What Does Glenn West Mean When He Says You Should Make Sure Your Contracts Say What You Meant?

I find it convenient to divide the world of contract drafting into deciding what you want to say in a contract and deciding how you want to say it. They’re not distinct tasks, but rather two ends of a spectrum, with blurring in the middle, because how you say something can unexpectedly affect meaning.

I focus on the how-to-say-it part, with occasional forays into boilerplate topics like governing law, force majeure, and indemnification. A savvy commentator on the what-to-say part is Glenn West, a partner at the law firm Weil. (That’s him in the photo.) Glenn has written about many deal issues; I’ve mentioned him in a bunch of blog posts.

So I of course checked out his most recent post on Weil’s Global Private Equity Watch blog. The title is A New Year’s Resolution for Deal Professionals: Make Sure Your Written Deal Documents Say (And Will Be Interpreted to Mean) What You Meant. In it, Glenn points to recent court opinions reinforcing the notion that courts interpret contracts to mean what they appear to say, not what you might have thought they say.

That’s a worthwhile reminder, but it raises a big question. Yes, you should make sure your contracts say what you mean, but no sane and sober drafter ever says to themselves while drafting a contract, I’m going to make sure this contract doesn’t say what I mean! Instead, any disconnect between what you say in a contract and what you mean will be inadvertent.

So “Make sure your contracts say what you meant” is an invitation to a conversation. Acting on it requires guidance. Glenn isn’t in the business of providing that sort of guidance. Mastering the how-to-say-it part of contract drafting requires devoting endless hours to a worm’s-eye view of contract language. No one with a day job, and certainly no titan of BigLaw, has time for that.
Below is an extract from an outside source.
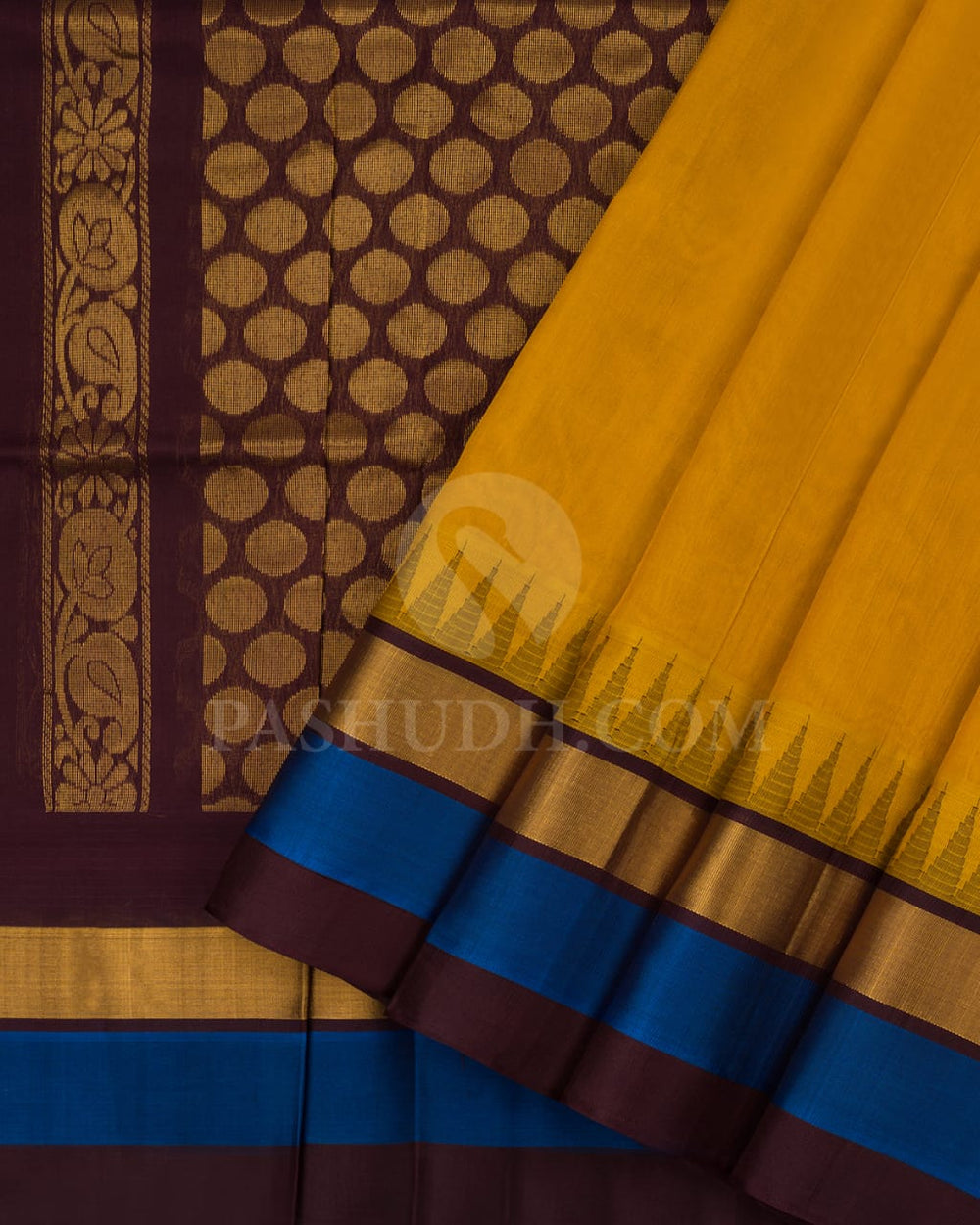 Musturd Yellow & Brown Kanjivaram Silk Cotton Saree - RC23

When Glenn tells you that you should make sure your contracts say what you mean, in effect he’s leaving you at the gates of the how-to-say-it world. While you’re there, you might see me frantically waving, trying to catch your eye.

About the author

Ken Adams is the leading authority on how to say clearly whatever you want to say in a contract. He’s author of A Manual of Style for Contract Drafting, and he offers online and in-person training around the world. He’s also chief content officer of LegalSifter, Inc., a company that combines artificial intelligence and expertise to assist with review of contracts.
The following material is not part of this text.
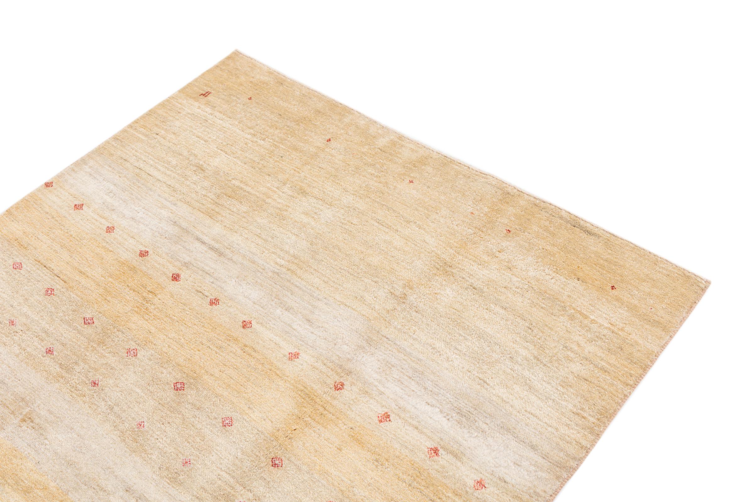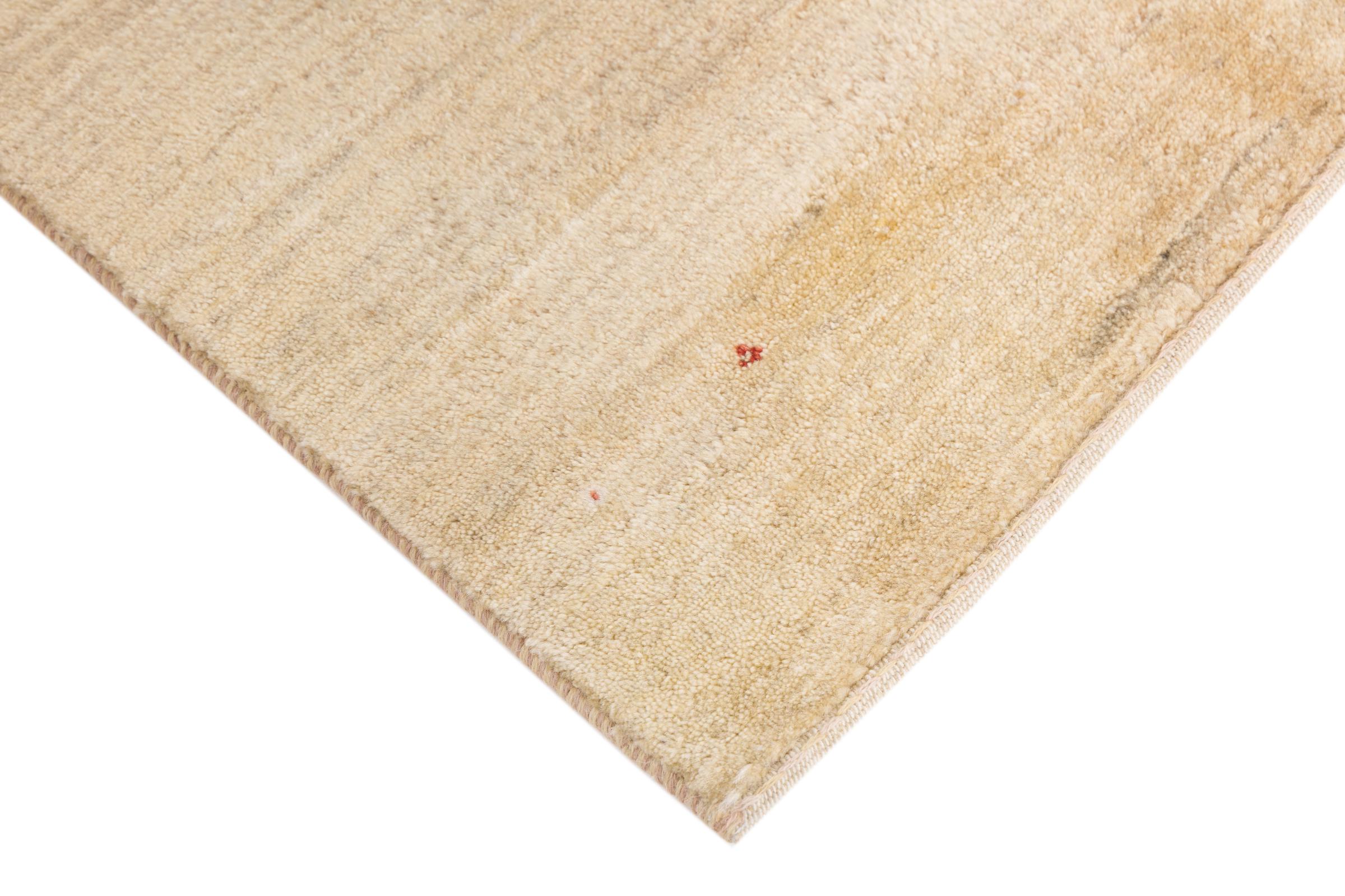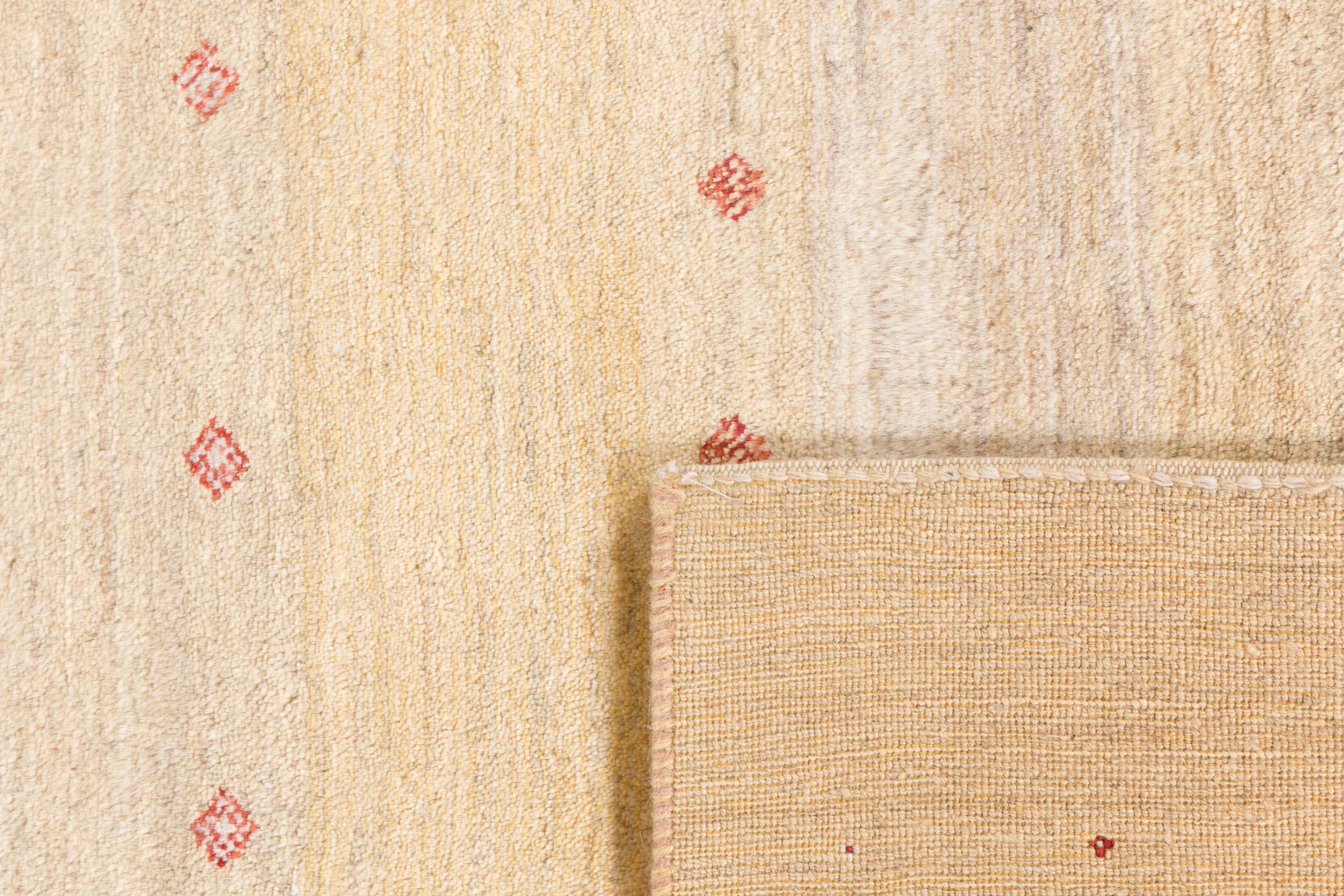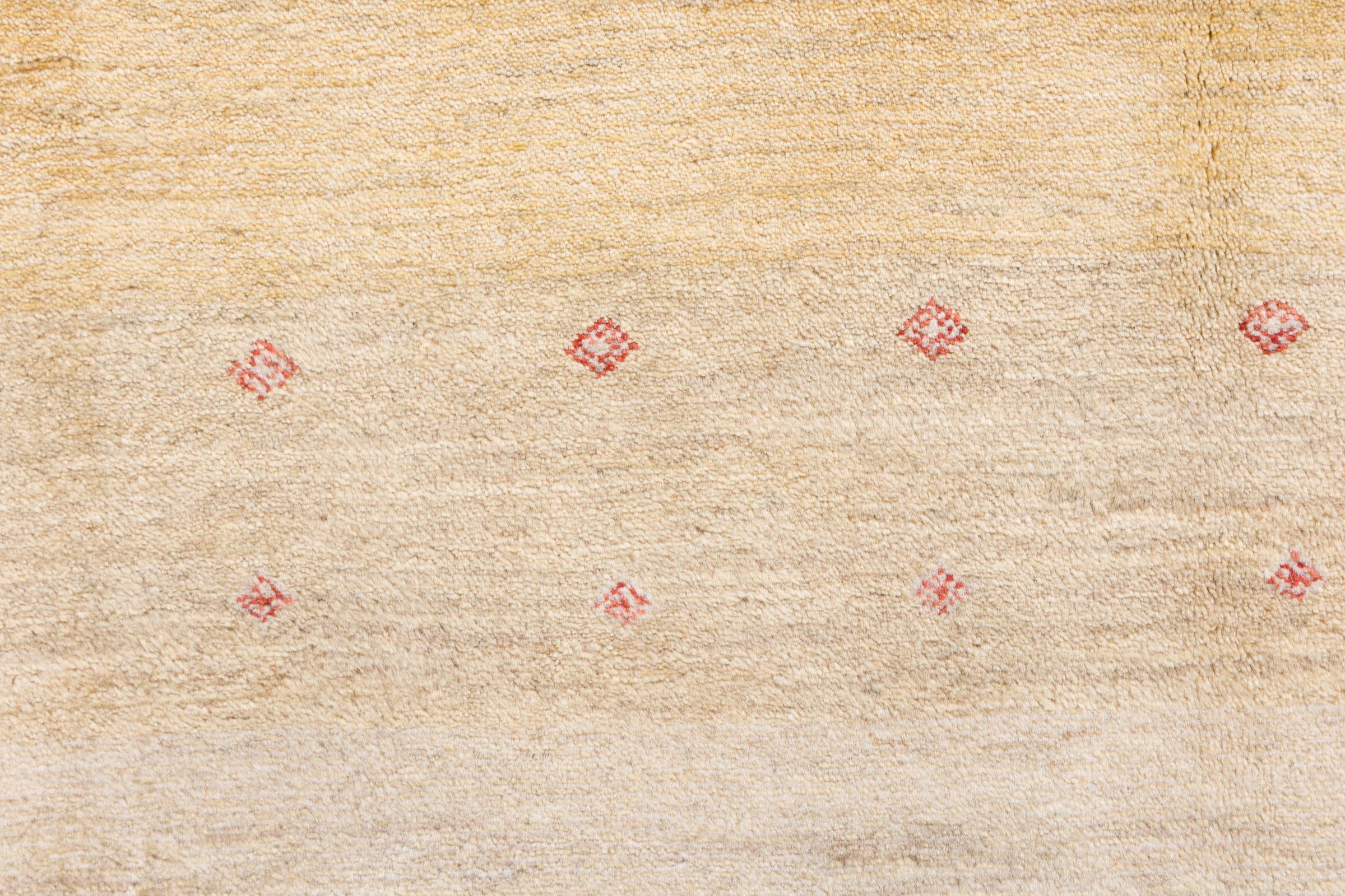 This beautiful rug is a Persian Gabbeh, one of the highest quality Gabbeh rugs available. These rugs are hand-knotted by nomads or semi-nomads in Iran using traditional artisan techniques. The simple motifs and patterns are often inspired by the nomads' immediate surroundings, featuring elements like camels, trees, or bushes. Persian Gabbeh carpets are made from wool sourced from locally raised sheep herds, with the wool typically spun by hand. Thus each of these Oriental rugs thus embodies a unique character steeped in centuries-old culture.

3 thoughts on “What Does Glenn West Mean When He Says You Should Make Sure Your Contracts Say What You Meant?”

  1. It’s not insanity or inebriation, but there are still quite a few seriously deluded lawyers out there who draft contracts with deliberately obfuscatory language. The theory is that the counter-party would never agree to what the lawyer’s client wants the contract to say, so better to fudge the language so it will be later possible to *argue* that it meant what the client wanted it to say. Think about the cartoon on Mark Anderson’s site of Mr. Pettifog chortling over some bit of maliciously drafted disingenuousness. And unfortunately, there are just enough situations in which the counter-party isn’t in a financial or transactional position when a dispute arises to challenge the position of the drafter, and just enough judges willing to take the bait, to make these (in my view) unethical lawyers willing to risk their clients’ money on gambits like that.
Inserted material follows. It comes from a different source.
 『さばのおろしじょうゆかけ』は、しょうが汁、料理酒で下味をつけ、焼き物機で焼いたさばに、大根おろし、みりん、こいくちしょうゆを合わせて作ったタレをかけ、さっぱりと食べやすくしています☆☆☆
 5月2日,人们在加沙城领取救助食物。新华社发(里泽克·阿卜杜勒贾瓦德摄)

    You have said on several occasions that drafting skills and negotiating skills are sufficiently separate that they should be handled by different people, but I disagree. If the lawyer negotiating the deal doesn’t know how best to draft a provision to say exactly what (s)he means it to say, then the cause will be lost: in the heat of negotiation, nobody’s going to take the time to say “I’ll have to run this past my contract-drafting consultant.” The two skills go hand-in-hand, just as an advocate had better know the law.

    • Happy New Year to you, Vance.

      Occam’s razor suggests that contracts are unclear because drafters don’t know what they’re doing, but presumably some of the time it’s deliberate.

      I don’t recall having said that drafting and negotiation should be handled by different people. If someone can do both, so much the better, but you’d want both skills at the table, one way or the other.

      • Clarify, please.

        You have said, I think, that dealmakers (negotiators) sometimes disparage drafters as mere ‘wordsmiths’ to whom the dealmakers hand the deal points or term sheet after the deal is struck to be ‘wordsmithed’. You were making the point that when disputes arise, the wordsmithing *is* the deal.

        So when you say one wants both skills ‘at the table’, do you mean that if the negotiator and the drafter for a side are different persons, both should be ‘at the table’?

        Also, what’s the ‘table’ for the purpose of both skills being at it?